Шрифт:
Интервал:
Закладка:
Учитывая скептическое отношение Адуева-дяди к романтической любви и «страданиям души», нельзя ожидать от него особого сочувствия к любовному недугу племянника. И действительно, в ситуации с любовной болезнью Александра Петр Адуев берет на себя роль «циничного толкователя», который, в отличие от «наивного толкователя», хорошо знаком с этой культурной концепцией, но не придает ей большого значения. В этой ситуации Александр, отчаянно нуждающийся в утешении и совете, выбирает иную риторическую стратегию, нежели в разговоре с матерью Наденьки. Прекрасно понимая, что дядя обладает необходимой культурной компетенцией, чтобы правильно оценить его состояние, он пытается расшифровать, а не закодировать семиотику любовной болезни для своего собеседника. На вопрос дяди, здоров ли он, Александр отвечает утвердительно, но «слабым голосом»: «Да… двигаюсь, ем, пью, следовательно, здоров» [там же: 292]. Придерживаясь, казалось бы, чисто медицинского представления о здоровье как о выполнении основных жизненных функций, Александр надеется намекнуть собеседнику на «более глубокое», менее буквальное понимание своего состояния (для этого он разоблачает упрощенную логику, лежащую в основе такого понимания здоровья: «Двигаюсь, ем, пью, следовательно, здоров»). Эта стратегия не срабатывает, поскольку старший Адуев, как всегда невосприимчивый к романтическим «излияниям» племянника, намеренно придерживается медицинской точки зрения и предлагает Александру обратиться к врачу. Тогда Александру не остается ничего другого, как прямо представить психологическую модель любви-болезни: «Мне уж советовали и другие, но никакие доктора и оподельдоки не помогут: мой недуг не физический…» [там же]. Однако Петр Адуев вновь отказывается следовать «романтической» логике, навязанной ему Александром, и иронически предполагает, какая из «душевных болезней» мучает его племянника: потеря денег, проигрыш в азартной игре или неприятности дома. Наконец он приходит к долгожданной «истине»: «…там следует вздор, любовь, я думаю…» [там же: 293] – тем самым он отвергает значимость любовного недуга, хотя и признает его как понятие.

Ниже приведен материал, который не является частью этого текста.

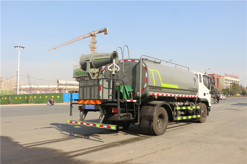 該車(chē)用途為抑塵降霾.主要裝置為罐體及噴霧裝置;罐體有效容積:9.8立方米;罐體外形尺寸(長(zhǎng)×長(zhǎng)軸×短軸)(mm):4000×2300×1540;側(cè)、后防護(hù)材料均為:Q235碳鋼,連接方式均為:螺栓連接,后部防護(hù)截面尺寸(mm):120×50,后部防護(hù)離地高度(mm):460;ABS型號(hào)為CM4XL-4S/4M,生產(chǎn)廠家為廣州瑞立科密汽車(chē)電子股份有限公司.隨底盤(pán)選裝駕駛室,選裝噴霧裝置樣式。 |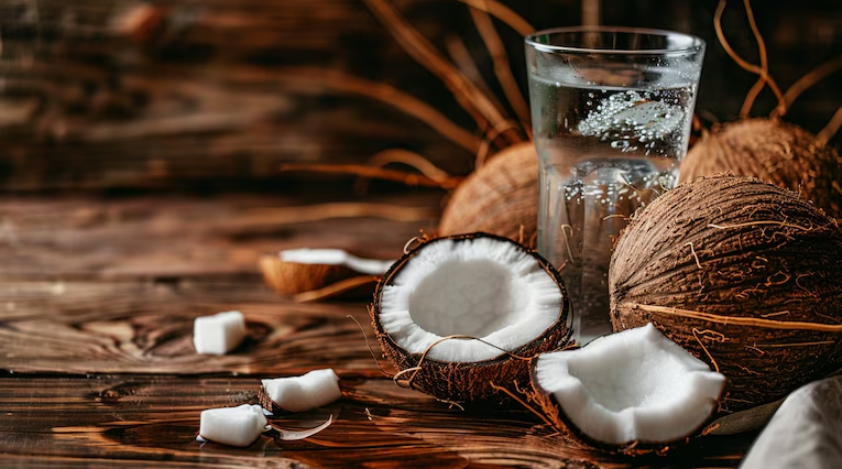 6. Hidratación y mejora del rendimiento: El agua de coco es rica en electrolitos naturales, lo que ayuda a mantener la hidratación, especialmente después del ejercicio. Una buena hidratación favorece la función metabólica y ayuda a controlar el apetito.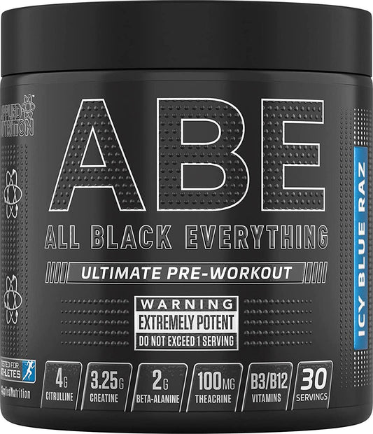 ABE All Black Everything Pre Workout Energy, Increase Physical Performance with Citrulline, Creatine, Beta Alanine, Caffeine Vitamin B Complex (ICY Blue Raz, 315g)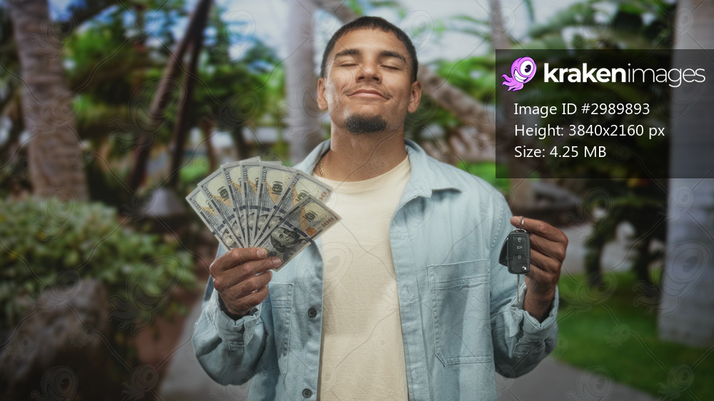 Man holds fanned dollars in one hand and car keys in the other on a palm lined street; confidence success.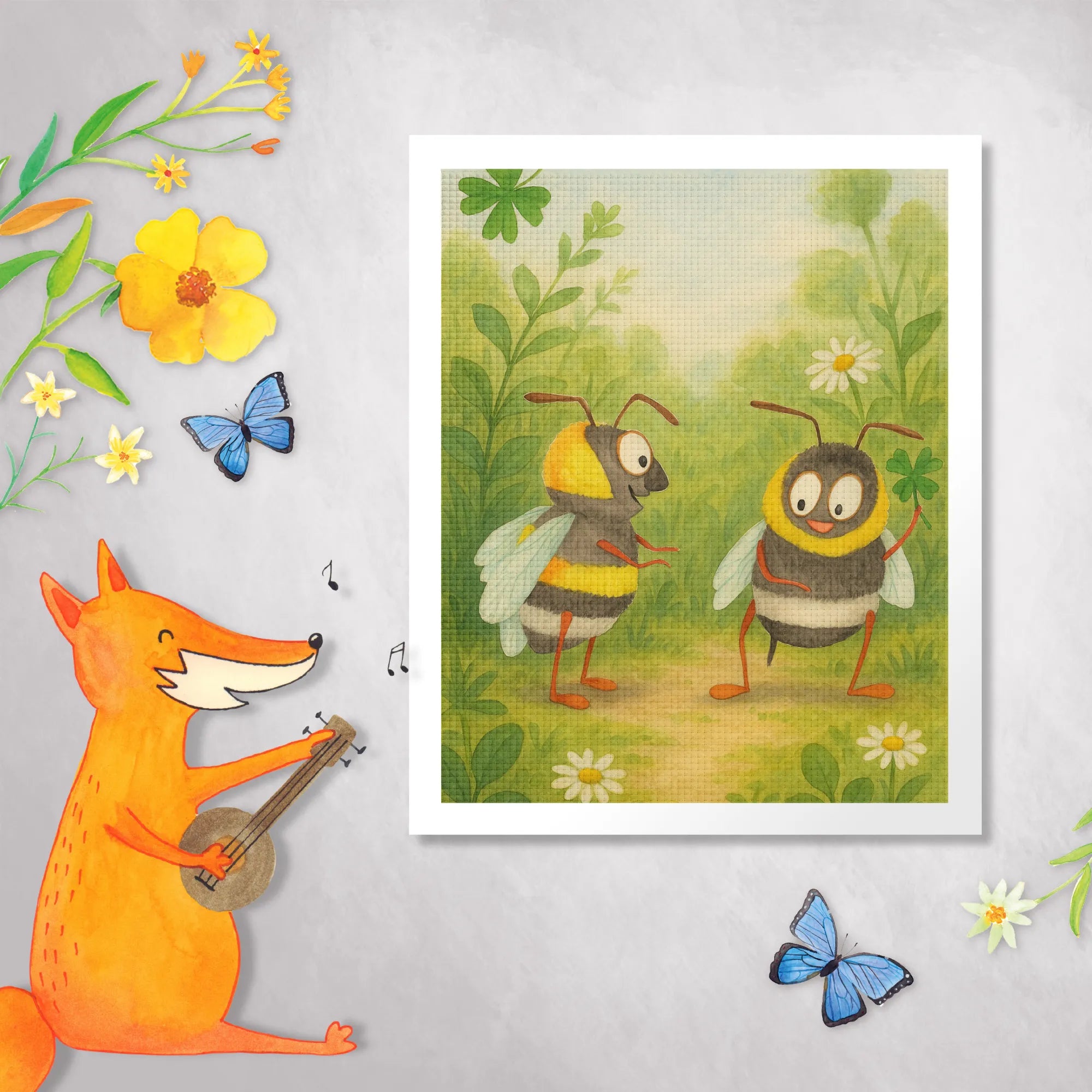 Step into a world of sweetness with these lovely bees! With their bright colors and playful expressions, they tell a story of love and joy. One bee proudly holds a four-leaf clover, a symbol of luck and companionship. This motif is a wonderful choice for a Valentine's Day gift for women or to express admiration for your partner. Designed with warmth in mind, these cheerful bees embody connection, making them perfect for anniversaries, weddings, or simply as a delightful gift for your husband or boyfriend. They remind us that love can be found in the simplest of things, much like how turtles show their affection. Perfect for those who appreciate art that brings positivity into their lives.

Петр Адуев, отстаивающий умеренность, предсказуемо считает страсти патологией, «ошибками, уродливыми отступлениями от действительности, чем-то вроде болезней, для которых со временем явится своя медицина» [там же: 314]. Поэтому он с самого начала называет увлечение Александра Наденькой «горячкой» и «бредом» и настаивает на своем понимании любви как патологии, когда вынужден иметь дело со страдающим от любви Александром: «Да неужели ты от любви так похудел? Какой срам! Нет: ты был болен, а теперь начинаешь выздоравливать…» [там же: 293]. Здесь дядя Адуев предпринимает новую попытку подорвать топос, поменяв местами традиционные представления о здоровье и болезни: болезнь – это любовь, а не отсутствие любви; любовная болезнь на самом деле не болезнь, а выздоровление, обнадеживающий признак преодоления патологической страсти. Чтобы завершить исцеление, старший Адуев применяет к своему «пациенту» психологический метод лечения. Однако дядина терапия – трезвая, рациональная и самокритичная оценка ситуации – хотя и вполне соответствует его философии разума, предсказуемо не способна вылечить разбитое сердце идеалиста-племянника.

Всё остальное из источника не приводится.